А вот Арвин сел на вещмешок и спокойно курит. Уж он-то знает, что произойдет через минуту. Нюх, как у собаки - старой, битой, стреляной, на своей шкуре узнавшей, чего стоит украденное мясо. Железный парень. Лучшего проводника никто не смог бы найти.
Из трещин в земле начинают бить фонтанчики жидкой грязи. Она растекается, снова превращая поляну в непроходимое болото.
Носильщик уже увяз по колено. Он пытается вырваться из трясины, но она засасывает его все глубже и глубже.
Илм срывает с плеча моток веревки, дрожащими пальцами привязывает груз и бросает конец носильщику. Но веревка коротка: не хватает каких-нибудь двух-трех метров...
Грязь прибывает. Еще мгновение, и над поверхностью болота виднеется лишь бритая голова. Как ни странно, носильщик не кричит. Глаза его полны не ужасом, а тоской. Тоской по жизни, пусть это всего лишь жизнь нищего работяги на зараженной спорами планете. Кажется, в этом биолог прав...
Но мне нельзя размякать. Дело - прежде всего. Остальное - бред и чепуха!
Вот и все. Сельва проглотила человека, и гром не грянул, и мир не рухнул...
Арвин Най выплевывает окурок и встает.
- Пойдемте, - говорит он, вытаскивая из мешка надувной плот.
На сельву опускаются сумерки.
Келин Квинн
На сельву опускаются сумерки.
Арвин запалил костер. Привал. Наконец-то можно остановиться.
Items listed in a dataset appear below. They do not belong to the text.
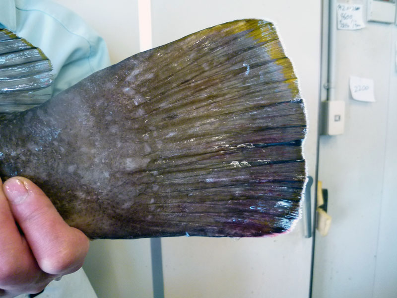 色黒、ハラミもしっかりとした上質。見た目「小型スマート」に見えるのか 売れ残った魚のようです。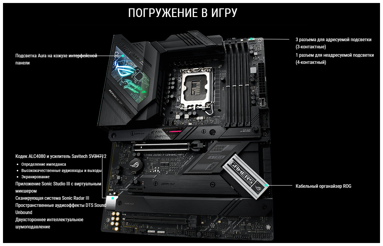 Ниже Вы можете прочитать отзывы на Материнская плата Asus ROG Strix Z690-F GAMING WIFI (LGA1700, ATX), ознакомится с подробными характеристиками, посмотреть интересные обзоры и фотографии на Материнская плата Asus ROG Strix Z690-F GAMING WIFI (LGA1700, ATX).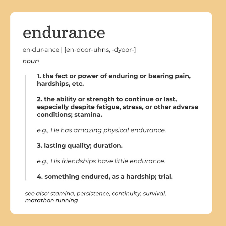 Such a great piece! I definitely think resilience is the practice that enables endurance over time. The more comfortable you get with the uncomfortable the more you can do!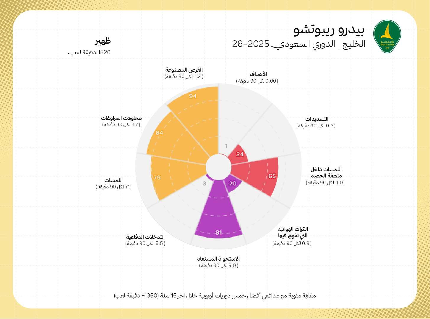 يظهر اسم بيدرو ريبوتشو ظهير الخليج بوصفه أحد أفضل اللاعبين في مركزه خلقًا للفرص بـ 21 فرصةً، صنع من خلالها (5 أهداف). كما أنه ثاني أعلى اللاعبين حملًا للكرة (بمعدل 6.87)، وثالث أعلى اللاعبين في التمريرات المتوقعة من اللعب المفتوح (1.9 تمريرة)، وخامس أعلى اللاعبين في الكرات العرضية الصحيحة من اللعب المفتوح بـ 8 كرات عرضية صحيحة. إضافةً إلى أنه ضمن أعلى المدافعين بصفةٍ عامة في معدلات استعادة الكرة (6.0).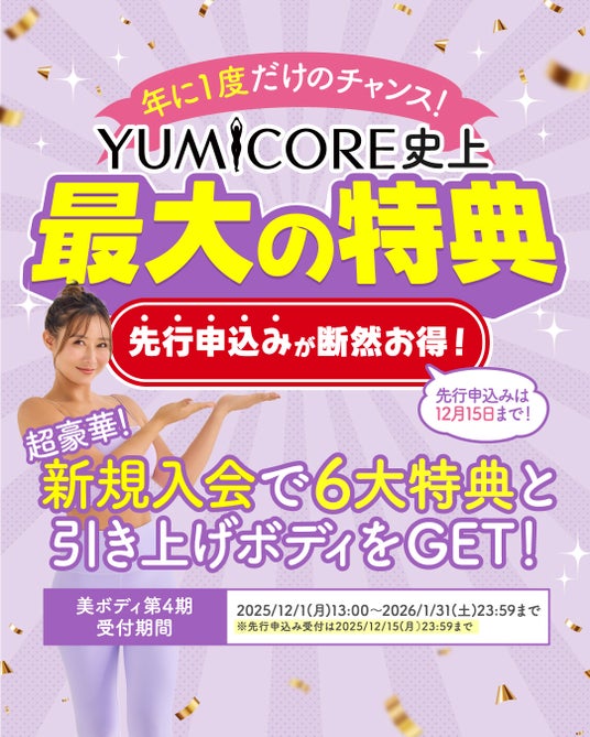 姿勢改善・ボディメイクメソッドを展開する株式会社YumiCoreBody(本社:東京都港区)は、オンラインレッスン年間契約プログラム「12ヶ月本気の美ボディプラン(以下:美ボディプラン)」第4期の新規受付を、2025年12月1日(月)13:00より開始しました。

Меня опять знобит. Я так устала, что даже гибель человека меня почти не трогает. Нет, я, конечно, переживаю, но как-то не так, не по-настоящему.
Две недели блуждаем по сельве. Наверное, даже к этому можно привыкнуть. Если не хочешь сойти с ума, надо отупеть до такой степени, чтобы уже ничто тебя не волновало. Должно быть, именно поэтому на Ферре все чуточку ненормальные.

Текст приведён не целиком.